Within this structure, the practice of authorized representatives of the lender issuing show cause notice or written orders on behalf of the Identification Committee under the Master Circular, was a contentious issue discussed and debated in a catena of judgements of the Honorable High Courts of various states.7 The Master Circular is silent on whether such delegation of power is permitted, thus allowing the scope for raising the defense of procedural irregularity. However, the Draft Directions addressed this issue by expressly stating in the explanation to paragraph 4 that "Lenders shall formulate the guidelines, based on their board-approved policy, for nominating authorized officers, who would issue the show cause notice and serve written order on behalf of the Identification Committee and Review Committee respectively" while the power of examining the evidence and confirming the classification of a borrower as a wilful defaulter remains with the respective committees. It is further clarified that "The show-cause notice and the order served by the authorised officers shall clearly state that this has the approval of the competent authority i.e., Identification/Review committee."

The Draft Directions have also been updated to reflect the decision of the Honourable Supreme Court in State Bank of India v. Jah Developers Private Limited and Ors.8 which held that an opportunity for personal hearing should be mandatorily provided before the Review Committee against the decision of the Identification Committee. This has been provided in addition to written representation before the Identification Committee under the Draft Directions. Whereas, the extant Master Circular only envisages a personal hearing before the Identification Committee at its discretion. Given the financial and other implications of such classification of a borrower, this is a welcome change.

Way Forward

Some proposed changes like the provision on debarment of institutional finance to all entities in which a wilful defaulter (being a natural person) is a director, will need to be further clarified as a 'director' is a very broad classification which may include directors in 'non-executive capacities' including independent directors. This provision would be unreasonably harsh on such entities. Having said that, the Draft Directions go a long way in streamlining the provisions of the Master Circular in an attempt to reduce litigation and complete the classification process within a period of 6 (six) months from the account being classified as a non-performing asset. This is likely to bring in greater transparency and stability in the credit policy of the country.

Footnotes

1. Reserve Bank of India, Draft Master Direction- Treatment of Wilful Defaulters and Large Defaulters, September 21, 2023 available at https://www.rbi.org.in/scripts/bs_viewcontent.aspx?Id=4318 (Last accessed on October 6, 2023).

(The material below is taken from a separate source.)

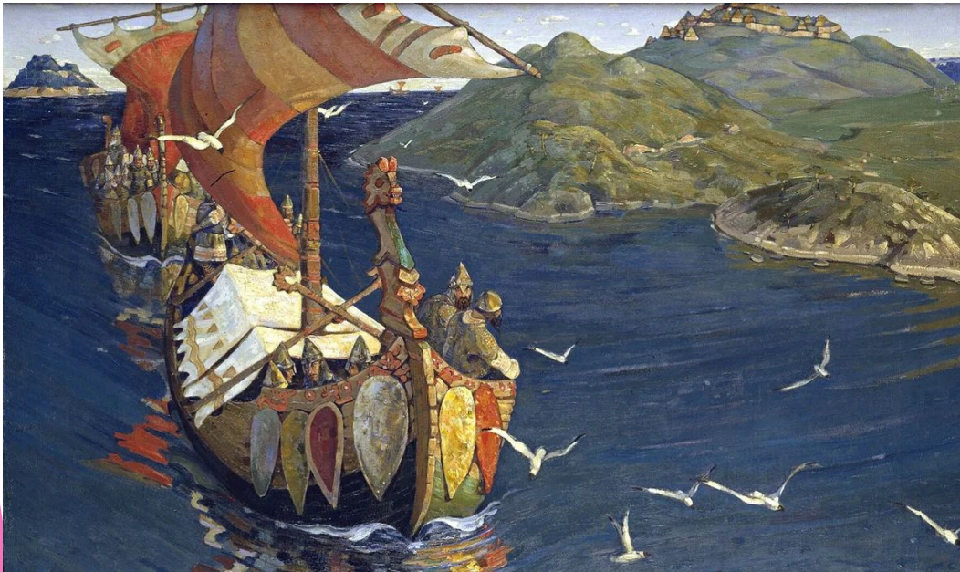
Н. Рерих Заморские гости

2. Reserve Bank of India, Master Circular on Wilful Defaulters, July 1, 2015 available at https://www.rbi.org.in/Scripts/BS_ViewMasCirculardetails.aspx?id=9907 (Last accessed on October 6, 2023).

3. Mr. Dumpala Madhusudhana Reddy v. REC Limited, Telangana High Court, Writ Petition No.s 1420, 1421 and 1428 of 2019.

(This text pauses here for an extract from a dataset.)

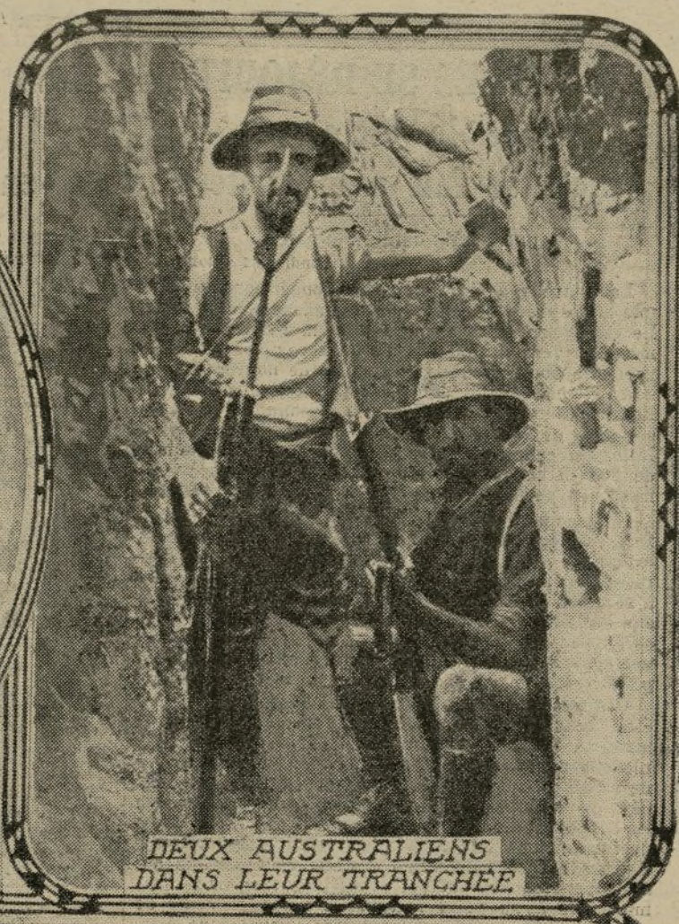
DEUX AUSTRALIENS DANS LEUR TRANCHEE

4. Reserve Bank of India, Master Circular on Prudential Norms on Income Recognition, Asset Classification and Provisioning pertaining to Advances, October 1, 2021 available at https://www.rbi.org.in/Scripts/BS_ViewMasCirculardetails.aspx?id=12171 (Last accessed on October 10, 2023).

5. Reserve Bank of India, Framework of Compromise Settlements and Technical Write-Offs, June 8, 2023, available at https://www.rbi.org.in/scripts/FS_Notification.aspx?Id=12513&fn=2755&Mode=0 (Last accessed on October 9, 2023).

6. Care Edge Ratings, Debt Recovery Rate Stuck at ~30% while Timelines Continue to Increase, available at https://www.careratings.com/uploads/newsfiles/1694608937_Insolvency%20and%20Bankruptcy%20Code%20Update_June%202023.pdf (Last accessed on October 10, 2023).

7. Ritebanc Green Agro Solutions Pvt. Ltd and Ors. v. Central Bank of India and Ors., Madhya Pradesh High Court, MANU/MP/2123/2023; Atlantic Projects Ltd and Ors. v. Allahabad Bank and Ors., Calcutta High Court, (2019) 3 Cal LT 491.

8. State Bank of India v. Jah Developers Private Limited and Ors., Supreme Court of India, (2019) 6 SCC 787.